次日,丁岚又独自去了青年场,她默然坐在坡坑边儿上,面对着飘落了许多枯叶的水面,跟酒窝儿的亡魂进行着无声地交流。她的背后是半人高的发白了的荒草以及杨柳之外的曾经充满欢笑的废旧的院落。恰巧李石磙因惦记着那些被申有财拱手割让给榆树村的大片田地,想着去跟榆树村的谢支书商讨一番再把田地要回来,骑着自行车路过青年场时,想到酒窝儿死得太过凄惨了,也一时不忍心就这么着与她擦肩而过前来跟她说两句话,于是就跟丁岚不期而遇了。
丁岚的情感世界里有他李石磙的一席之地。李石磙也打心眼里喜欢这个不知何时变得多愁善感起来的漂亮姑娘。两个人并肩坐在柳树下的坡坑边儿上,常常是这句话说完了,接下来的那句话还不知在哪儿游荡。因丁岚说:“你不是要去榆树村么,赶紧去吧。”李石磙说:“是啊,你也回去吧,别让胡丽娜担心。”丁岚便再次沉默了。她想到了跟胡丽娜不正常的关系,她是个女儿身,胡丽娜也是个女人,可她却跟她有了那种只发生在男女之间的感情。这是极不正常的一件丑事,也是难见天日的一件丑事,更是给人终生谈论嘲笑的一件丑事。
李石磙见丁岚痴呆发傻没有回去的意思,遂又说:“你在想啥哩?还是赶紧回去吧,这儿太荒凉不安全。”丁岚喃喃道:“不能再这样下去了。
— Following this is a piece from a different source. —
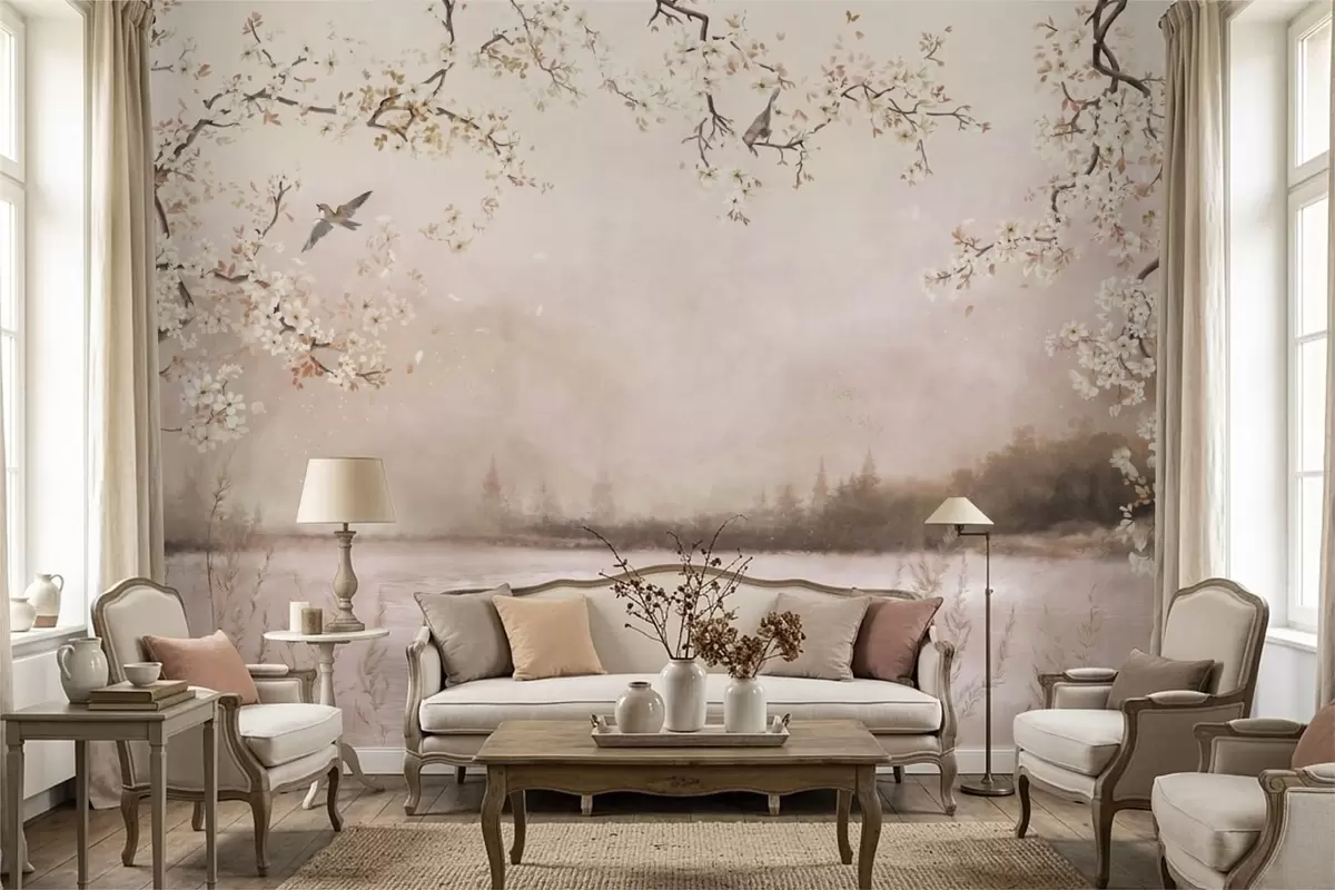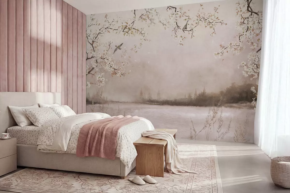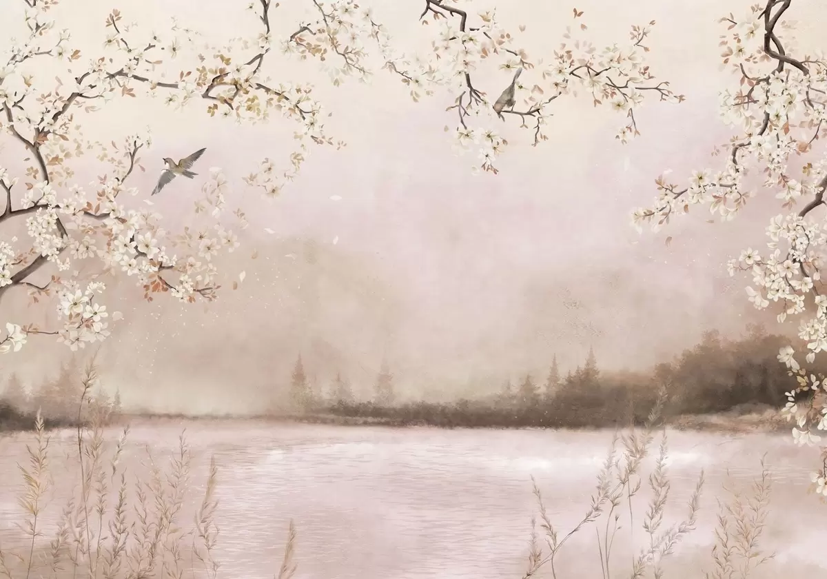 Фототапет Цъфтящи клони над спокойно езеро с птици в мъглата Nr w05155v1

”李石磙不明白这话的意思,就问她:“啥东西不能再这样下去了啊?”丁岚依旧喃喃自语道:“真的不能再这样下去了!”李石磙明白她完全没有听到他的话,她只是顺着自己的思绪在往前走。李石磙不再去打扰她,却禁不住的去猜测她到底在想些啥。丁岚猛地一顿足说:“无论如何也不能再这样下去了啊!”李石磙见她这般光景,着了魔障似的,心中不免有些忧虑,又唯恐她听不见他说的话,遂拿手轻轻一推她的肩膀说:“既然决定了,那就别再犹豫了,按你的心去走吧。眼下又到了招工的时候了,有了机会,你也回城里去吧,这儿可就剩下你自个了哩!”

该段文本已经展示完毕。